_Source material_:
----

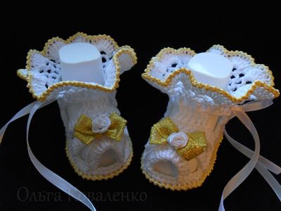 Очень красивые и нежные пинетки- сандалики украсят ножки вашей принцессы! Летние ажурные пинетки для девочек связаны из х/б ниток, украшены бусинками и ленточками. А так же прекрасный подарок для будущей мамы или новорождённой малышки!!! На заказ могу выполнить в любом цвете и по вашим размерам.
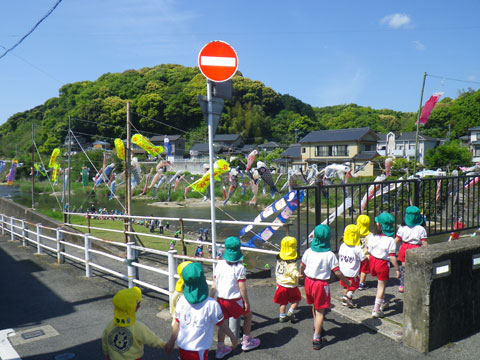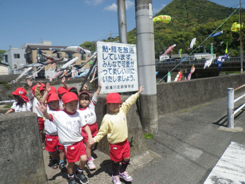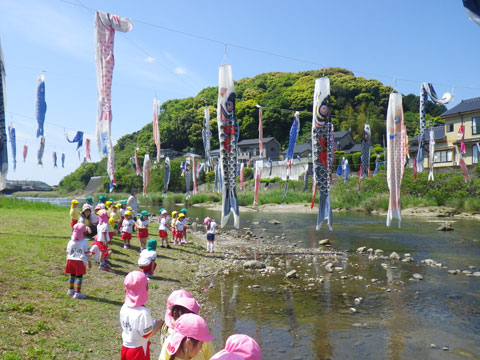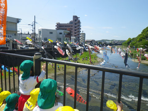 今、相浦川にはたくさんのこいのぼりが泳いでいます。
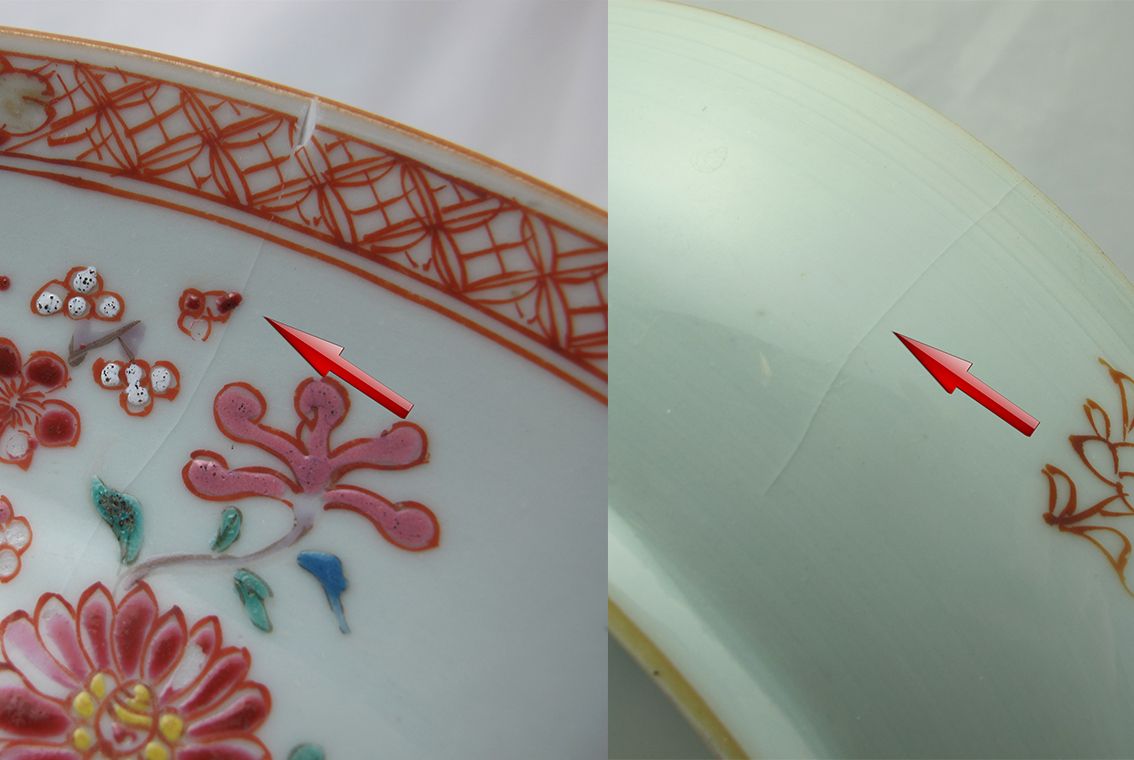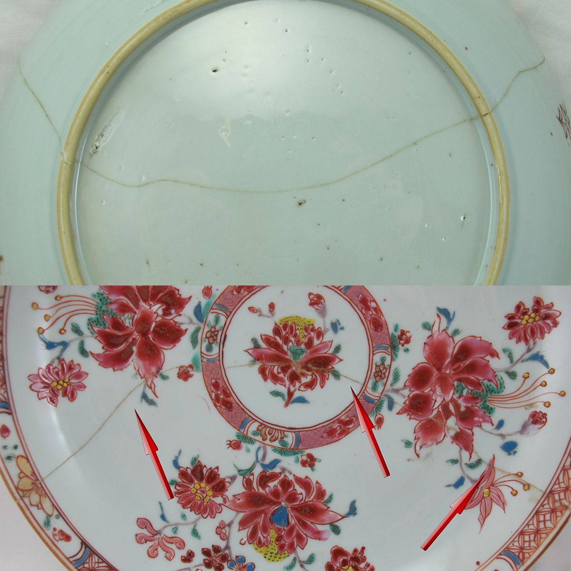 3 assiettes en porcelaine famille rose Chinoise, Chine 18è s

----

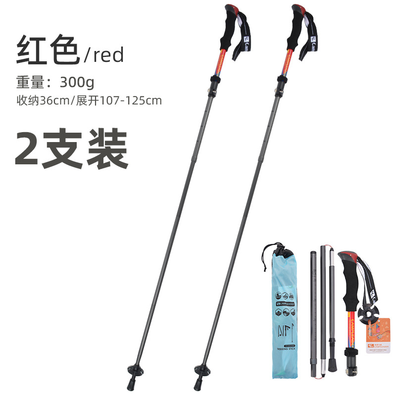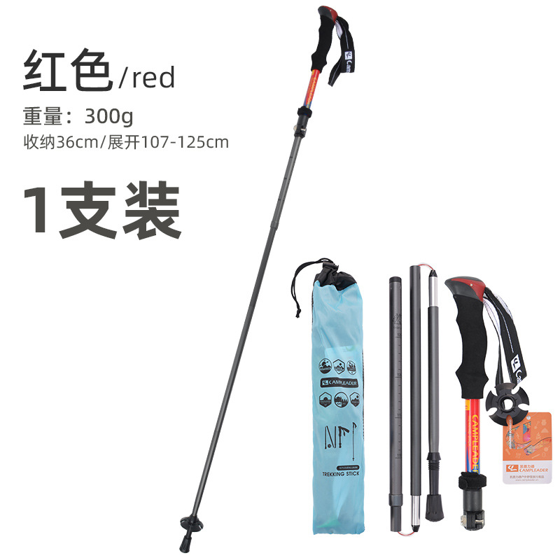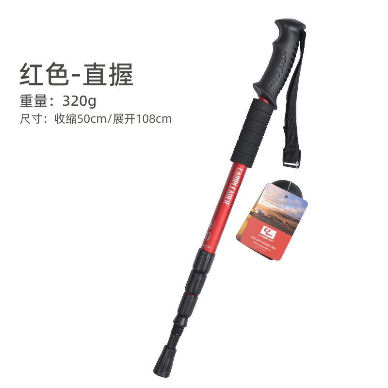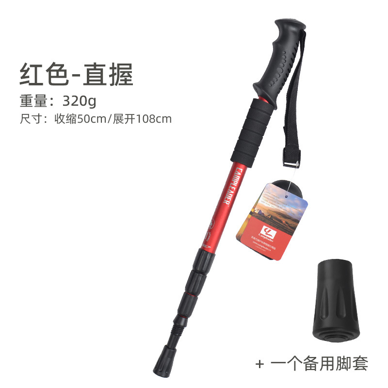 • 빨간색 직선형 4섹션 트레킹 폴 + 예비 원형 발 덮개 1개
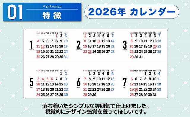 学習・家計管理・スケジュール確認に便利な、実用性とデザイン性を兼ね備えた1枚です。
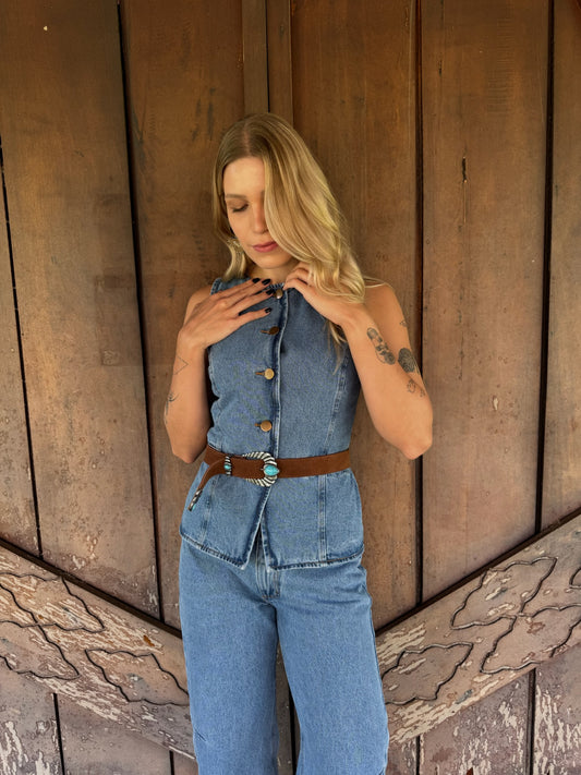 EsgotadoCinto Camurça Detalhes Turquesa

----

_Task objective_: With the pictures left out, write out exactly the lines above from the one containing "예비 원형 발 덮개 1개" through the one containing "EsgotadoCinto Camurça Detalhes Turquesa".

_Written answer_:
 • 빨간색 직선형 4섹션 트레킹 폴 + 예비 원형 발 덮개 1개
 学習・家計管理・スケジュール確認に便利な、実用性とデザイン性を兼ね備えた1枚です。
 EsgotadoCinto Camurça Detalhes Turquesa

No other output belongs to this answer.